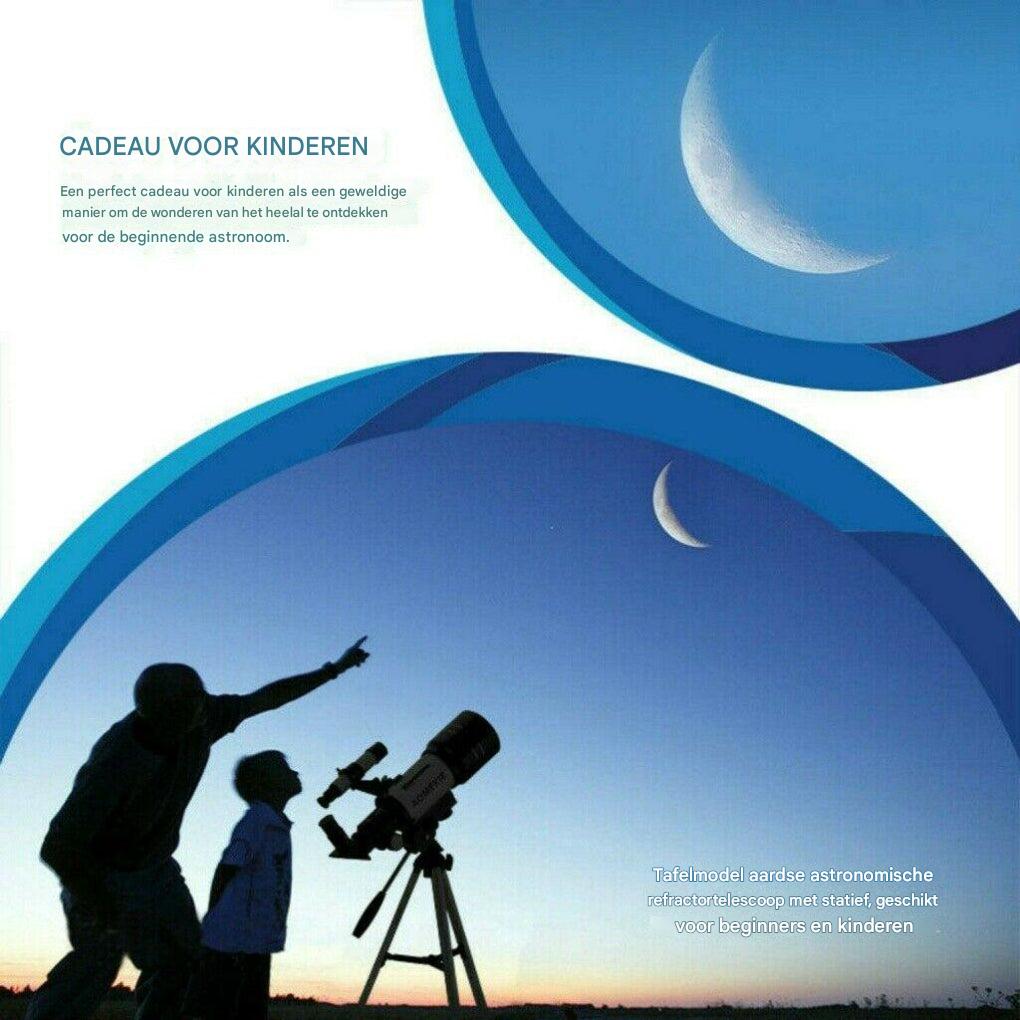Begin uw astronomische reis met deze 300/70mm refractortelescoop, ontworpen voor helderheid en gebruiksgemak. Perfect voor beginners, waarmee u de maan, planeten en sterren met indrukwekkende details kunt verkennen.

==

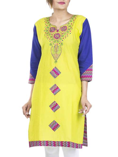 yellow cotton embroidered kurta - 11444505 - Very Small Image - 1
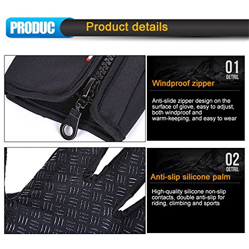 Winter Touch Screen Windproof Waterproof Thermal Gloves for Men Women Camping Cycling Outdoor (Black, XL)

Description of the task: A clean copy is needed of the lines in the listing above from the one with "yellow cotton embroidered" through the one with "Winter Touch Screen", exact in every word and free of pictures.

Response area:
 yellow cotton embroidered kurta - 11444505 - Very Small Image - 1
 Winter Touch Screen Windproof Waterproof Thermal Gloves for Men Women Camping Cycling Outdoor (Black, XL)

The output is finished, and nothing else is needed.